(Collected data entries)
::::::::
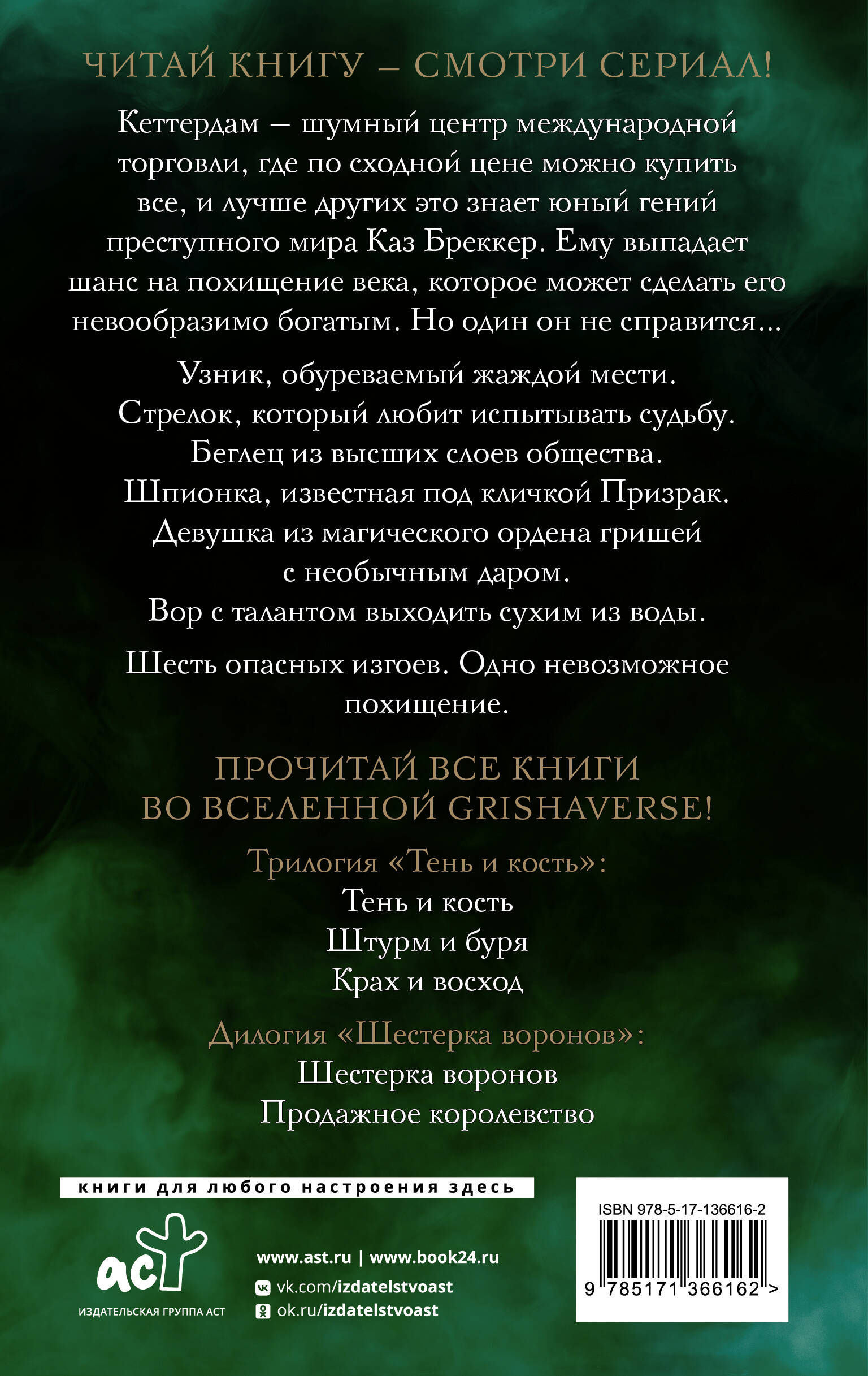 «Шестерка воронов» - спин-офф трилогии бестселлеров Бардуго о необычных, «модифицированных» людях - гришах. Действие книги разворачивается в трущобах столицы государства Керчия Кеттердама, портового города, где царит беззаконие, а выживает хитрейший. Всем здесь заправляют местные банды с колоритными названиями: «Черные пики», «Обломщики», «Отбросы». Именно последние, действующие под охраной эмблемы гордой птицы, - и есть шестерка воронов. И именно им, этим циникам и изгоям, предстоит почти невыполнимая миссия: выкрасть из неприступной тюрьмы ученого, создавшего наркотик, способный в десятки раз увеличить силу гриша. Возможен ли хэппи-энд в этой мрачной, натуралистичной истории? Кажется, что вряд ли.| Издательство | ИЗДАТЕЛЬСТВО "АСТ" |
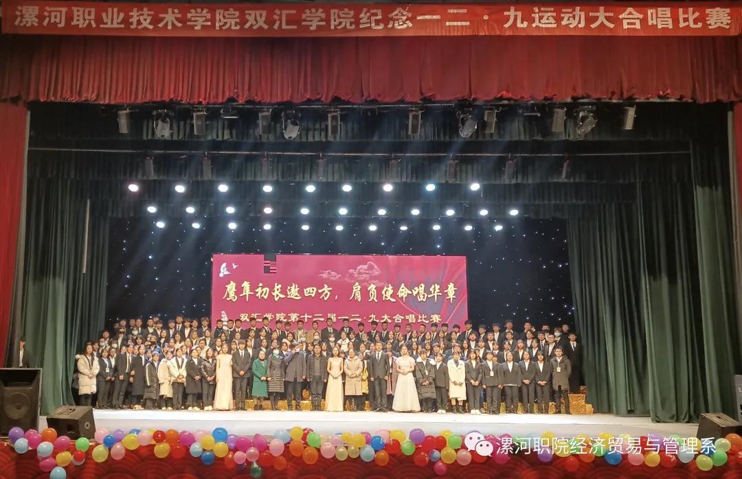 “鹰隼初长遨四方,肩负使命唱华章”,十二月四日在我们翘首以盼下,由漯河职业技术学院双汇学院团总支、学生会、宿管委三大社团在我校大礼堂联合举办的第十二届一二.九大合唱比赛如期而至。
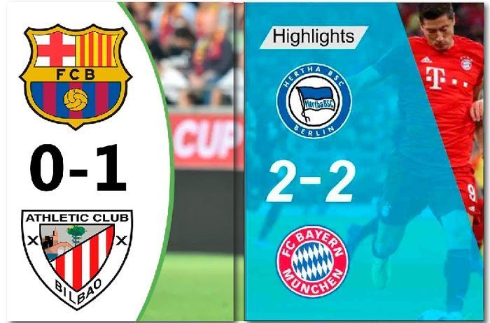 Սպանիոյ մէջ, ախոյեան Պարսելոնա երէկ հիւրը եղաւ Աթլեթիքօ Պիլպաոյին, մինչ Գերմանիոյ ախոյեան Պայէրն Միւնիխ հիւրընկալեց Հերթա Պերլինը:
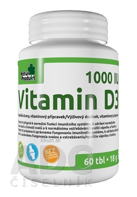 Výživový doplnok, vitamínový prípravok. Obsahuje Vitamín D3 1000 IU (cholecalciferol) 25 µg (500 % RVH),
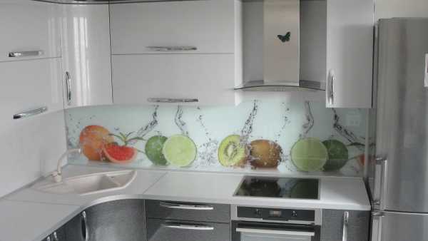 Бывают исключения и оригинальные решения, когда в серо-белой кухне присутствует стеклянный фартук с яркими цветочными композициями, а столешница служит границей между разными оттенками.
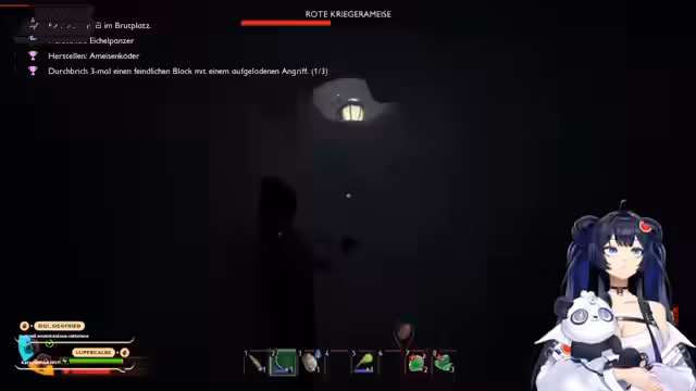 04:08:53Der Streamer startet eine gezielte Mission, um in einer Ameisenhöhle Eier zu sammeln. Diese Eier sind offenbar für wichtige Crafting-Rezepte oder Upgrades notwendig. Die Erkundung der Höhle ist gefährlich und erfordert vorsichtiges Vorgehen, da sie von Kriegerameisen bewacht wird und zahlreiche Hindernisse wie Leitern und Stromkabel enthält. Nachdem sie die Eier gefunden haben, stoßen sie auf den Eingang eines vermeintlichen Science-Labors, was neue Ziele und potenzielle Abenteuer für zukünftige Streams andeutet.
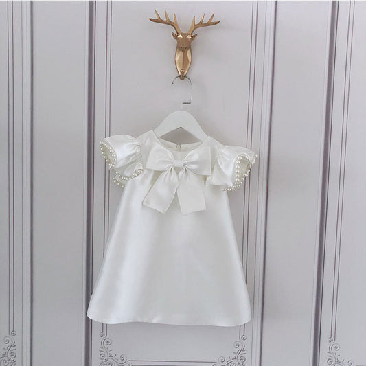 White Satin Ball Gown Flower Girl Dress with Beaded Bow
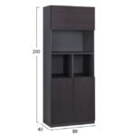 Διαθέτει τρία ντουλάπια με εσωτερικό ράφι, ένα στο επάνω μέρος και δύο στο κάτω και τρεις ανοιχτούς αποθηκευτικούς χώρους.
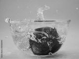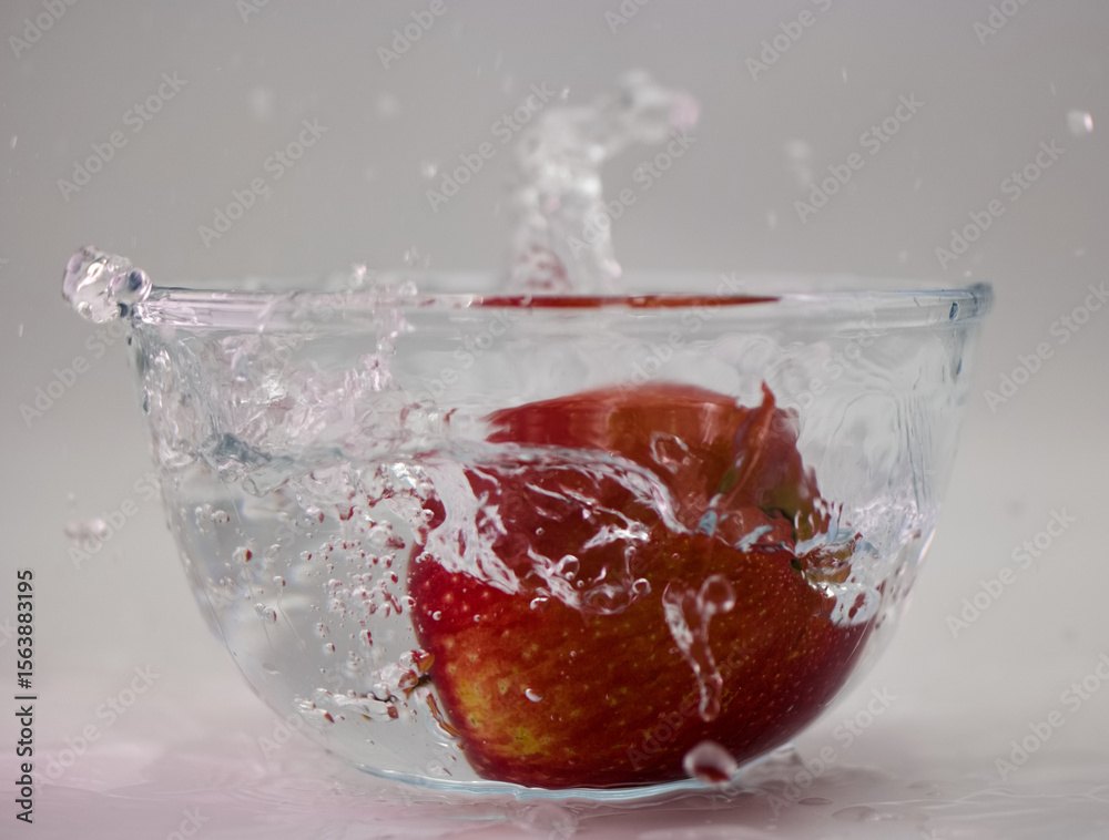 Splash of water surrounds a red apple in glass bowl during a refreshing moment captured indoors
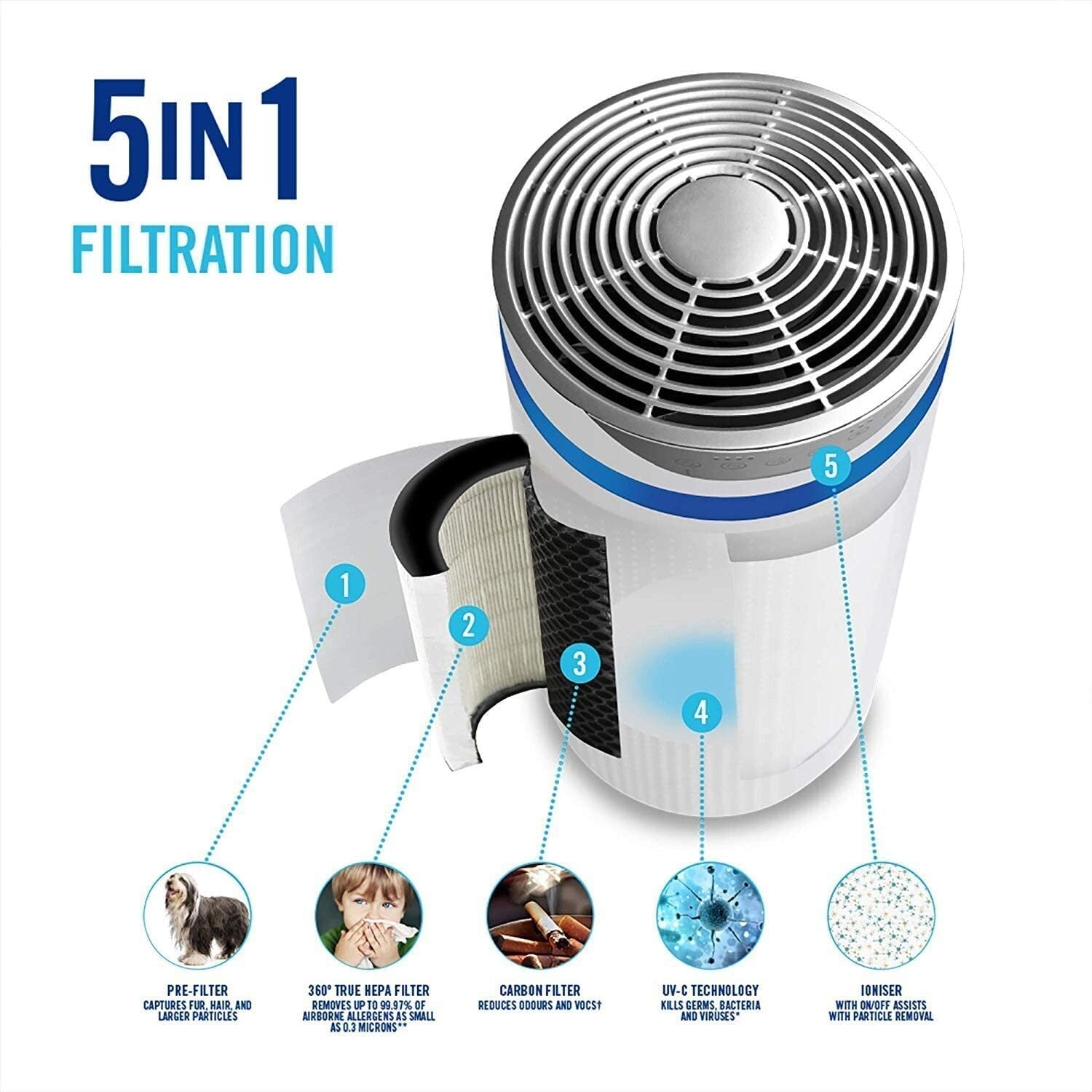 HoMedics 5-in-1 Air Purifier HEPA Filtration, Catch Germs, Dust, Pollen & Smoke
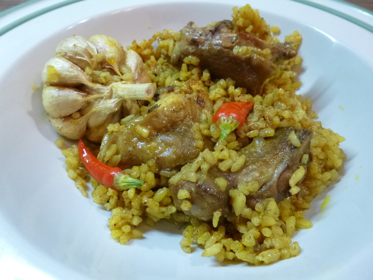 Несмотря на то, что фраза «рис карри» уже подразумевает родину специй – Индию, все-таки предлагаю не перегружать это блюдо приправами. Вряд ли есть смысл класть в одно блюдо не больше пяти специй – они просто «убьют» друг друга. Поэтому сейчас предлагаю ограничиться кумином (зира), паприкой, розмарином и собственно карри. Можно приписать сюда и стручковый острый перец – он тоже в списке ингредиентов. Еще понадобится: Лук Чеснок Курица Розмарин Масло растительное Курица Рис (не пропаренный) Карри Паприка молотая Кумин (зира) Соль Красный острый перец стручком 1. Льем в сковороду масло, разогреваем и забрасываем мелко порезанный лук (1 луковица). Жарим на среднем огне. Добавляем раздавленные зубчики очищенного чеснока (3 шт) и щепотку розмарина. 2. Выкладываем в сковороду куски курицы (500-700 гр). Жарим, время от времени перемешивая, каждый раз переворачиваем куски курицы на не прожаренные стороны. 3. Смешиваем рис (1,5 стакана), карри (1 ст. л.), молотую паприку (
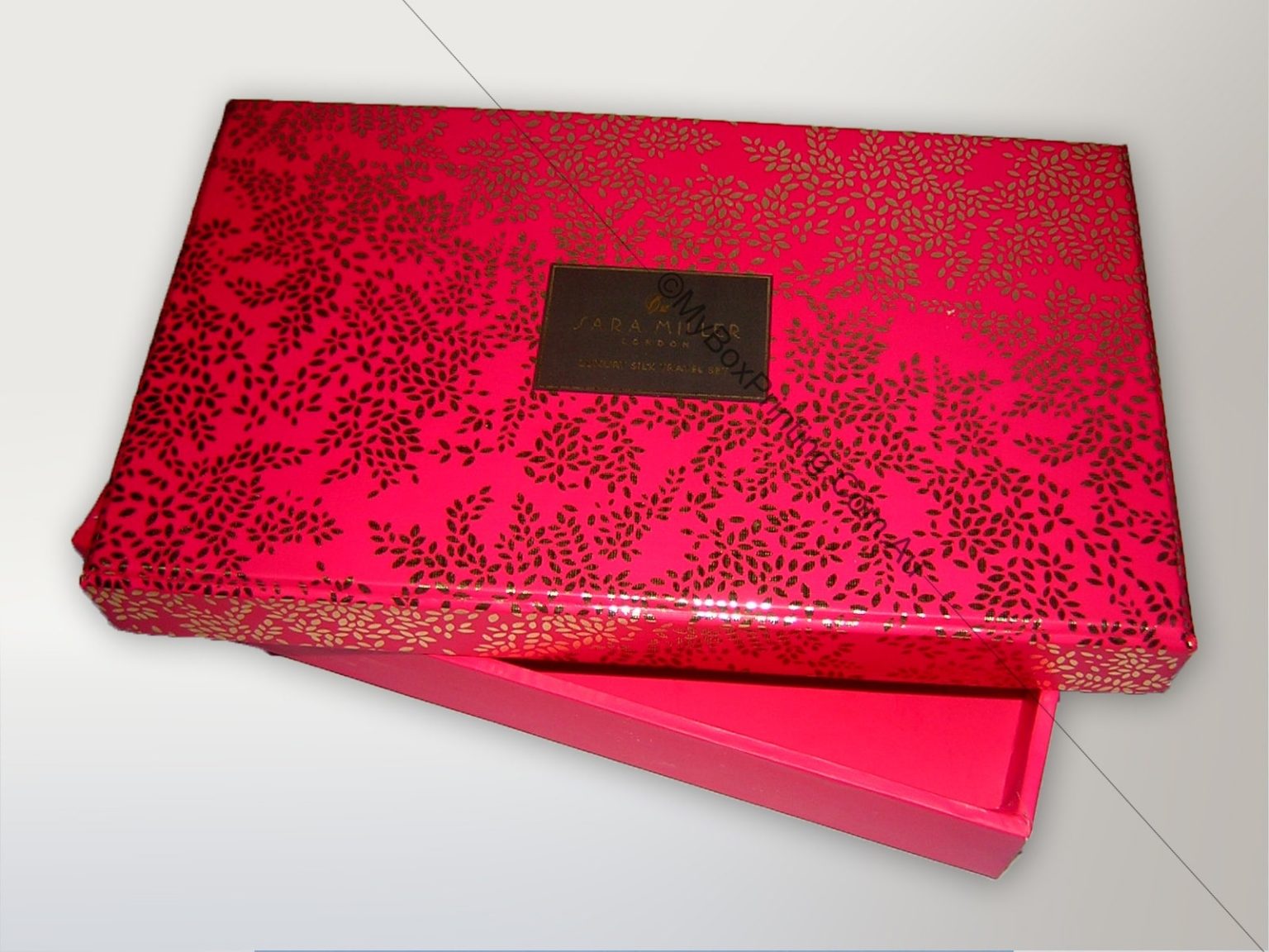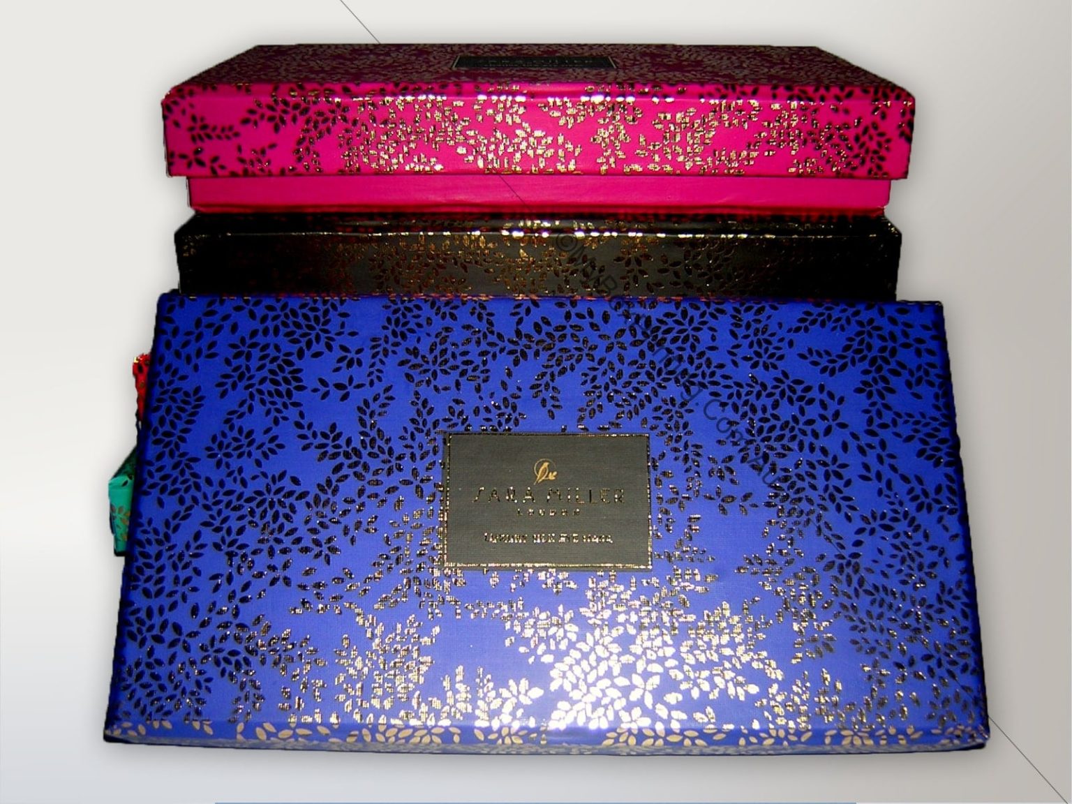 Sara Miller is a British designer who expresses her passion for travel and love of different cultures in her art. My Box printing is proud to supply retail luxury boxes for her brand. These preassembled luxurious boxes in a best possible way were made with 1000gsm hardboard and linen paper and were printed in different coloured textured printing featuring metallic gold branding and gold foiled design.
::::::::
What the task asks →
Starting with the line above that holds "Սպանիոյ մէջ, ախոյեան", restate each line word for word up to and including the line that holds "Бывают исключения и". Drop the pictures.

Answer space →
 Սպանիոյ մէջ, ախոյեան Պարսելոնա երէկ հիւրը եղաւ Աթլեթիքօ Պիլպաոյին, մինչ Գերմանիոյ ախոյեան Պայէրն Միւնիխ հիւրընկալեց Հերթա Պերլինը:
 Výživový doplnok, vitamínový prípravok. Obsahuje Vitamín D3 1000 IU (cholecalciferol) 25 µg (500 % RVH),
 Бывают исключения и оригинальные решения, когда в серо-белой кухне присутствует стеклянный фартук с яркими цветочными композициями, а столешница служит границей между разными оттенками.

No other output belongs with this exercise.